• Task instructions:
Print the records below exactly, from the line containing "Caja de 24 piezas" down to the line containing "2023年4月25日下午15", both lines included, and omit every picture.

• Records supplied:
----
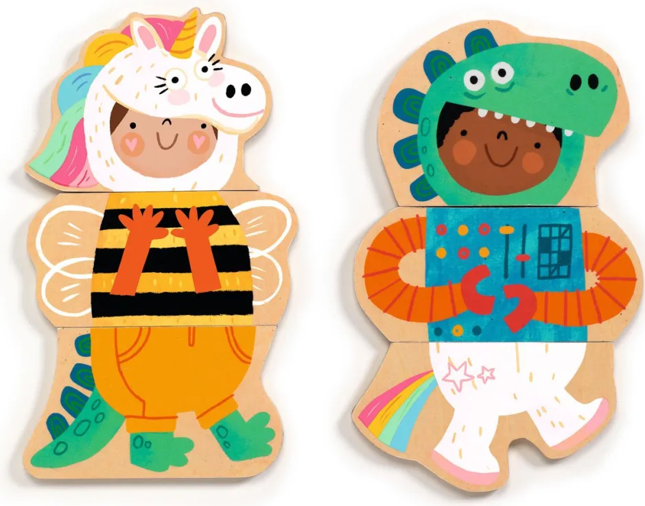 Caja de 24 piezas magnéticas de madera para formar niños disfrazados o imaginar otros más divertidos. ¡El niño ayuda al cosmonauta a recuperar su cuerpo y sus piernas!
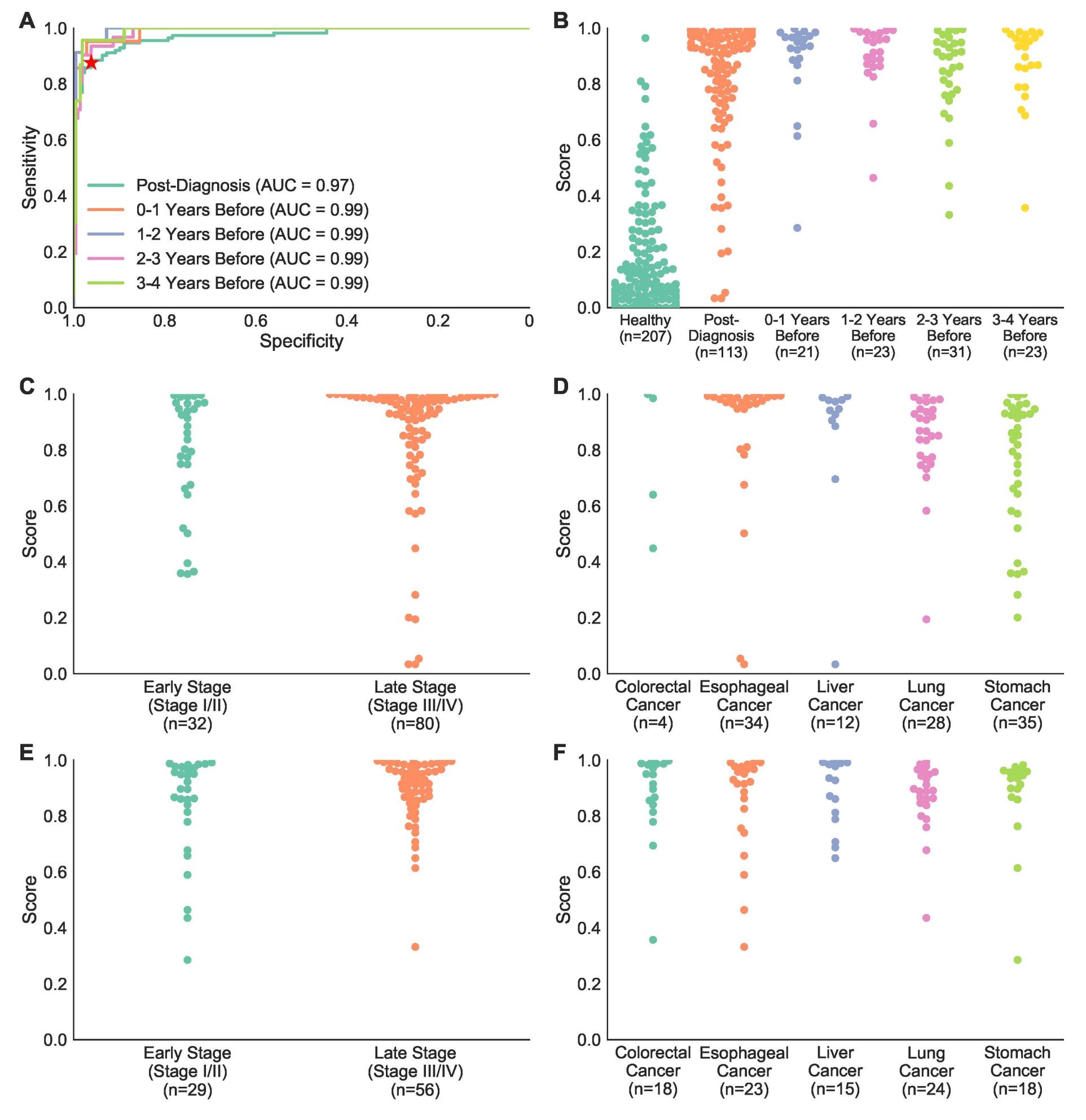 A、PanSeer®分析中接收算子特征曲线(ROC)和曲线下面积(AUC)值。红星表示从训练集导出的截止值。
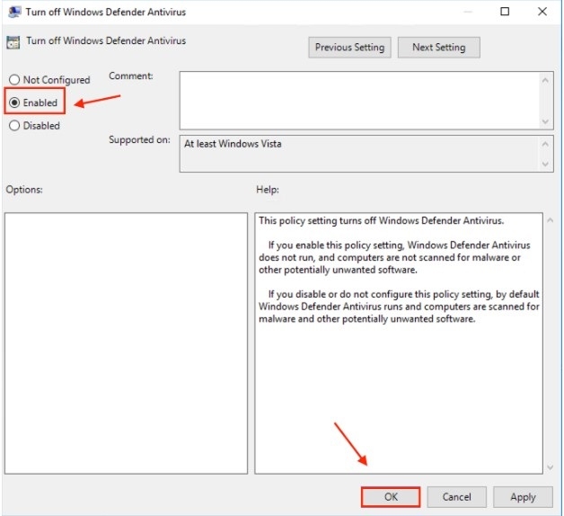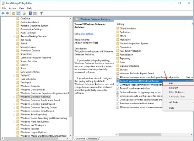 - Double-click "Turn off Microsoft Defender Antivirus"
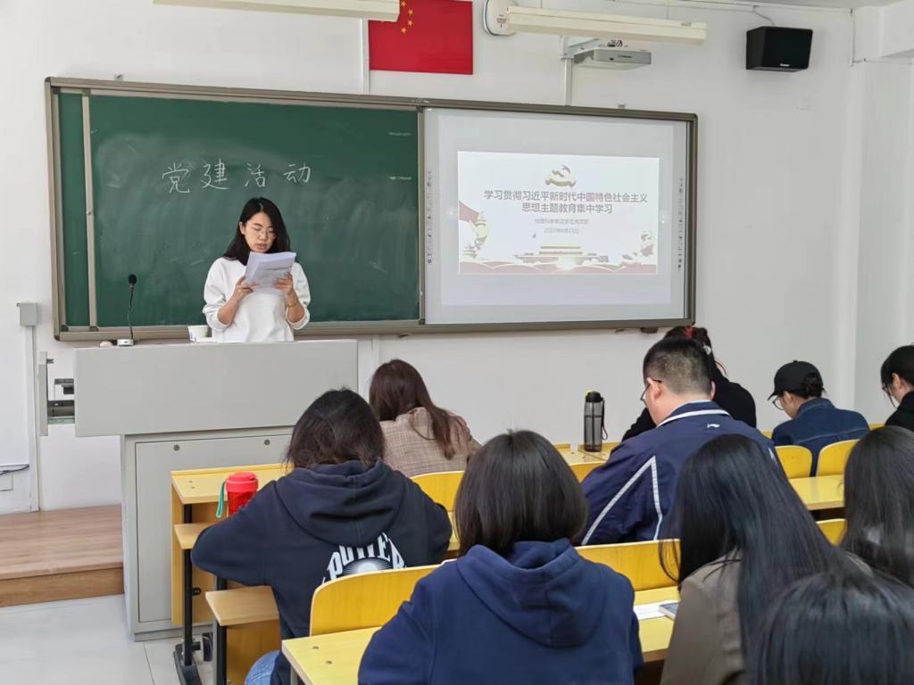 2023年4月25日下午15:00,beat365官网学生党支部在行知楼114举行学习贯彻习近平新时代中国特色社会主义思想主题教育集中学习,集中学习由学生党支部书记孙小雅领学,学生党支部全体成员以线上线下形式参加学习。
----
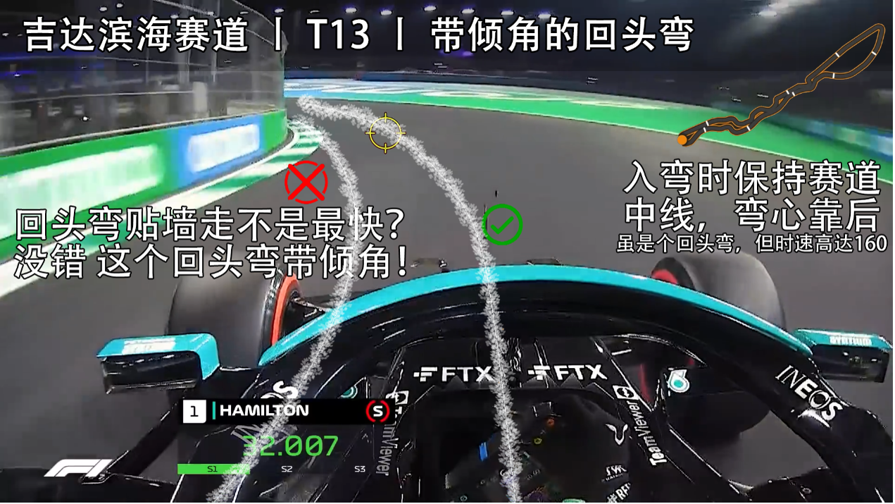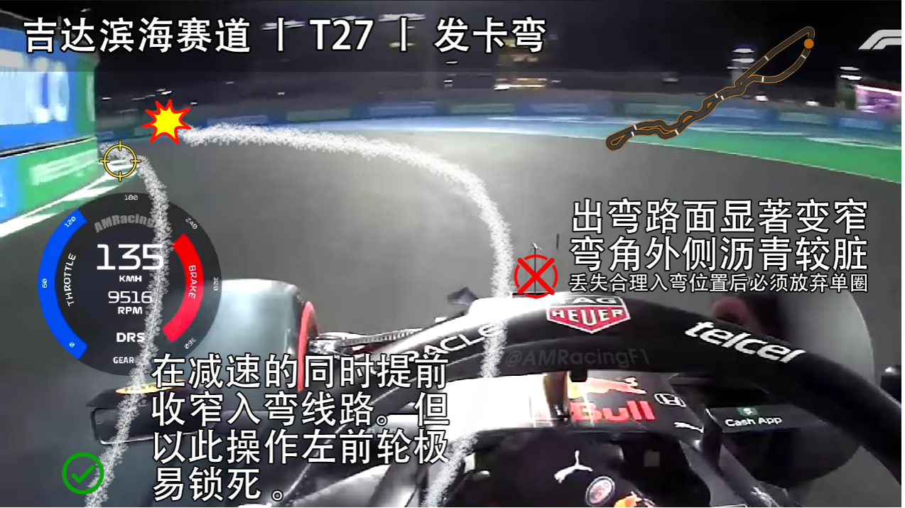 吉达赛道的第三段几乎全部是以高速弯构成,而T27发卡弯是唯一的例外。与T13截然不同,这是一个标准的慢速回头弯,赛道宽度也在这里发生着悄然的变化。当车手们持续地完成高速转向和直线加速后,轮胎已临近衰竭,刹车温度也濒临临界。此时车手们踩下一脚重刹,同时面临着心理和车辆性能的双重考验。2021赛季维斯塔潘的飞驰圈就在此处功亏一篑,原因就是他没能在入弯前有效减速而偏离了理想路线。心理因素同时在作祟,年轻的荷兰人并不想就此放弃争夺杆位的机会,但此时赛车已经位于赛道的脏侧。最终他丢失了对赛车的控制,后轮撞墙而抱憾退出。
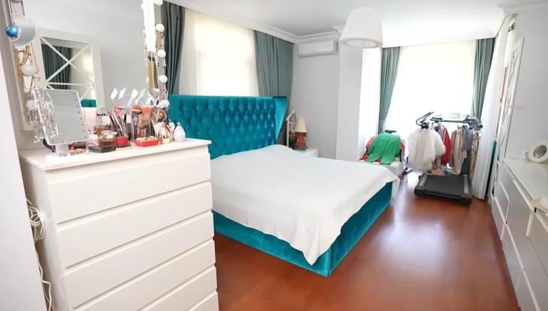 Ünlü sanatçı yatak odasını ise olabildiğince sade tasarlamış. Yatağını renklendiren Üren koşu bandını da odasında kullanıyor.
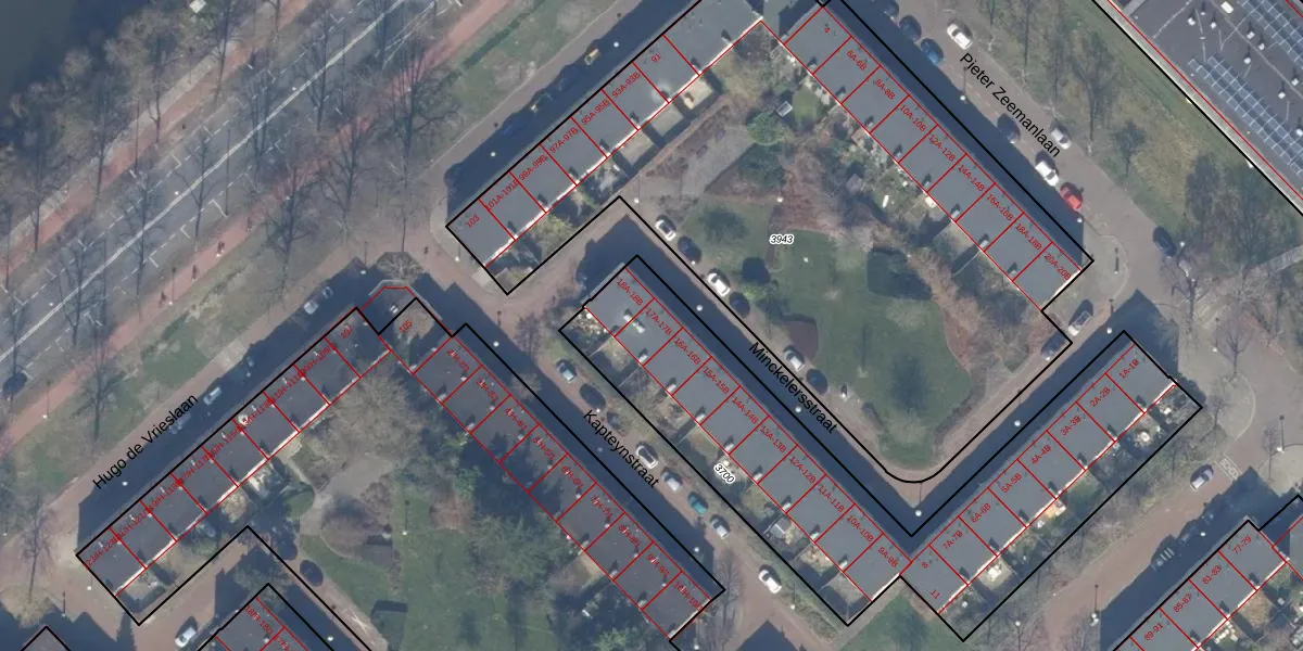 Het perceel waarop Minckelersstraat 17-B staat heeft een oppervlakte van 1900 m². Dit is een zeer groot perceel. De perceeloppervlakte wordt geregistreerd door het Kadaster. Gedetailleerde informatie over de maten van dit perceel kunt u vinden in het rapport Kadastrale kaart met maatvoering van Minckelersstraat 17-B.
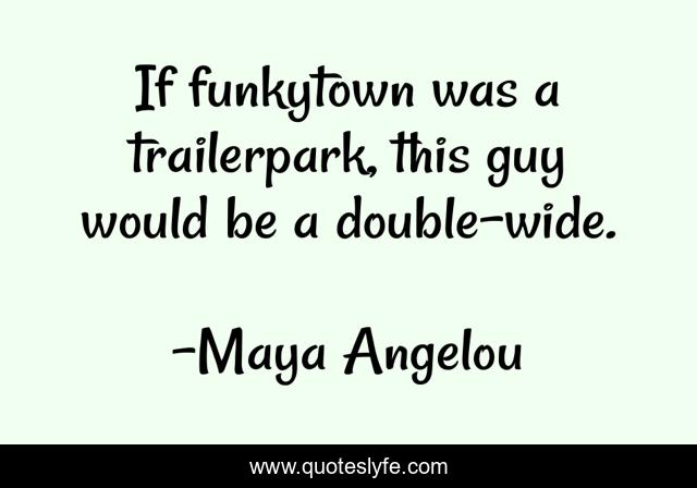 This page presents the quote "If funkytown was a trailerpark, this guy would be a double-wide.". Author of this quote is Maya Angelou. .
----
• Solution:
 Caja de 24 piezas magnéticas de madera para formar niños disfrazados o imaginar otros más divertidos. ¡El niño ayuda al cosmonauta a recuperar su cuerpo y sus piernas!
 A、PanSeer®分析中接收算子特征曲线(ROC)和曲线下面积(AUC)值。红星表示从训练集导出的截止值。
 - Double-click "Turn off Microsoft Defender Antivirus"
 2023年4月25日下午15:00,beat365官网学生党支部在行知楼114举行学习贯彻习近平新时代中国特色社会主义思想主题教育集中学习,集中学习由学生党支部书记孙小雅领学,学生党支部全体成员以线上线下形式参加学习。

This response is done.